Feature Stores: Architecture and Online/Offline Storage

Feature Stores: Flexibility, Performance, and Use Cases

In the world of machine learning (ML), feature stores have emerged as a critical component for managing, serving, and reusing features across different models and teams. Simply put, a feature store is a centralized repository that standardizes the storage, retrieval, and sharing of features—the measurable properties or inputs used by ML models. Using a feature store helps maintain consistency between training and inference, reduce redundant computation, and enable collaboration across teams.

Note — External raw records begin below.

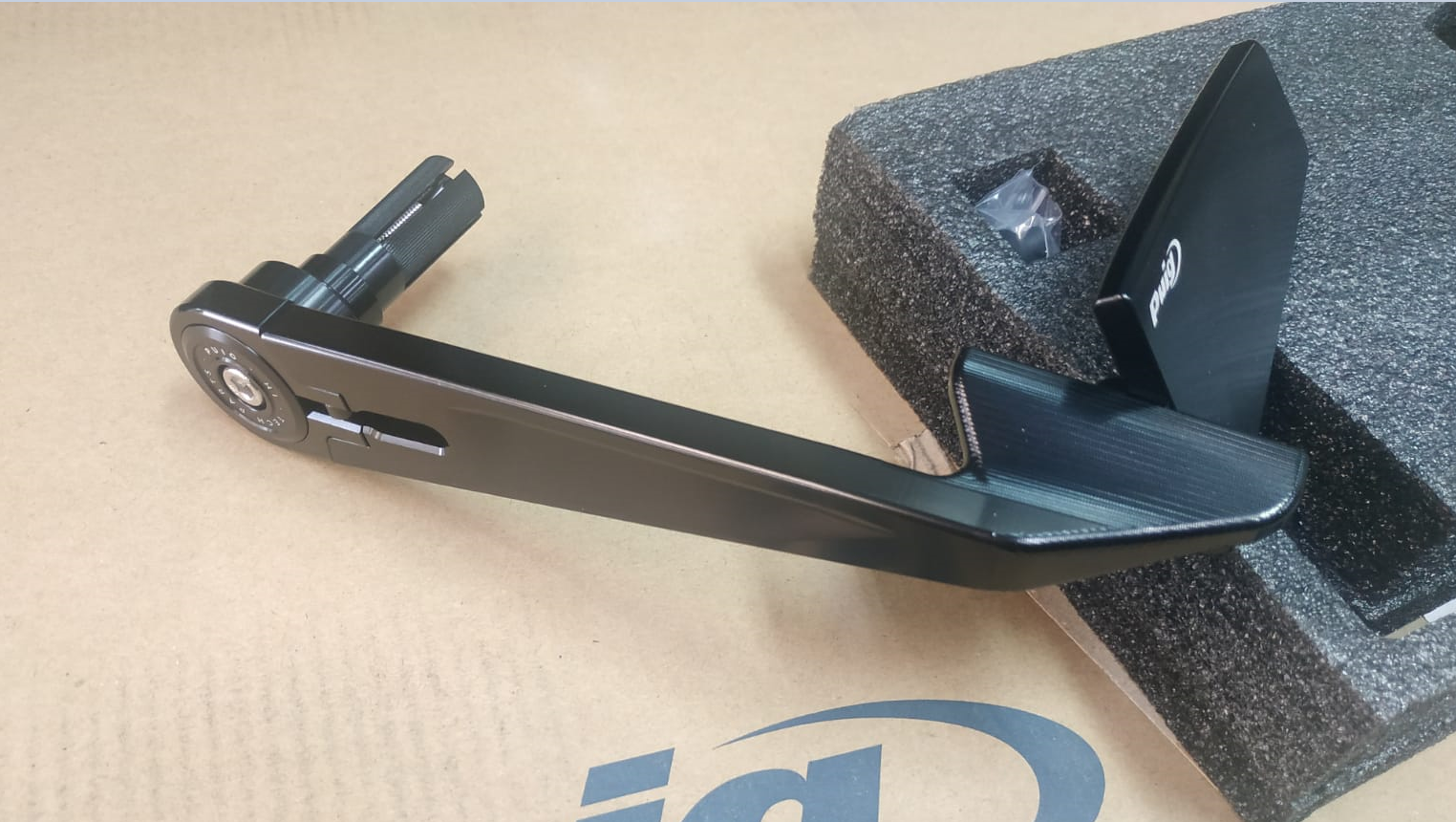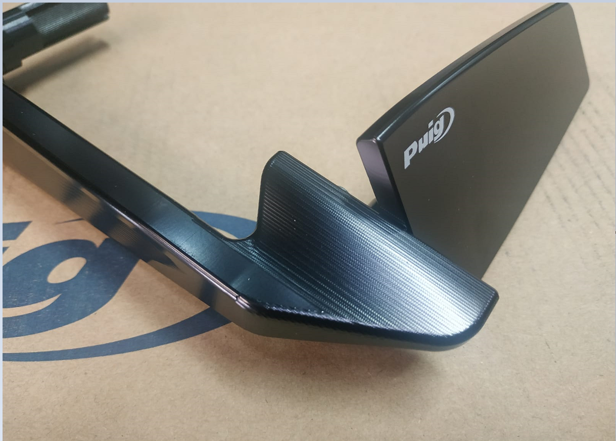 This innovative mirror is easily installed at the end of the handlebar and offers dual functionality: mirror and handguard. Its design allows the mirror to fold, transforming it into an elegant spoiler.
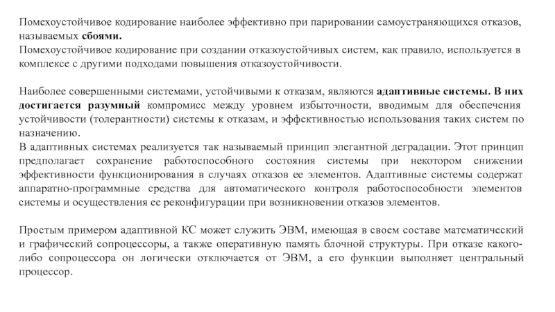 Слайд 13Помехоустойчивое кодирование наиболее эффективно при парировании самоустраняющихся отказов, называемых сбоями.
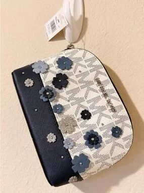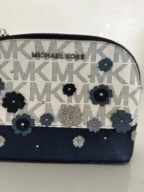Michael Kors Navy & White Floral Applique Travel Pouch

Popular Feature Store Options

Organizations today can select from multiple robust feature store solutions, both open-source and proprietary. Among open-source options, Feast has gained wide adoption for its flexible support of multiple storage backends (like ScyllaDB and Dragonfly), while Feathr specializes in low-latency serving at scale, and Hopsworks offers an end-to-end ML platform with integrated feature store capabilities. Cloud providers like AWS and GCP also provide managed solutions through SageMaker and Vertex AI, respectively. While all these options are powerful, Feast’s strong community support and platform-agnostic nature make it appealing for avoiding vendor lock-in and adapting to diverse infrastructure needs.

Feature Store Use Cases

Feature stores unlock the ability to build real-time ML applications efficiently. For example, they can power real-time bidding (RTB) systems in AdTech and fraud detection systems in FinTech or enable personalized recommendations by serving fresh features at scale.

A while back, we explored running Feast with Dragonfly—now we’re diving deeper into feature store fundamentals as they’ve become increasingly critical for production ML systems. In this blog, we’ll focus on the general concepts of feature stores—how they work, their benefits, and architectural considerations. In a follow-up post, we’ll dive into a realistic example of building an RTB system using a feature store.

Feature Store Architecture & Components

To understand how a feature store works, let’s break down the key components using Feast as an example. While a complete Feast deployment has quite a few components, they all play important roles within the system. We will go over them below while specifically shedding light on the online and offline stores, which serve distinct but complementary responsibilities, much like a primary database and a caching layer in traditional backend systems.

Components of Feast

Feast consists of several components that work together to form a complete management system. These are the key pieces of the Feast architecture:

Feast Registry: A centralized metadata store (backed by S3, GCS, etc.) that keeps track of feature definitions. Enables discovery and versioning of features via the Feast SDK.
Feast Python SDK/CLI: The primary interface for defining and managing features, loading (materializing) features into the online store, building training datasets from the offline store, and retrieving features for real-time serving.
Feature Server: A horizontally scalable REST API that serves low-latency feature values to models during inference.
Others, like stream processor for data ingestion, batch materialization engine for loading data from offline stores into online stores, and authorization manager, are also crucial components.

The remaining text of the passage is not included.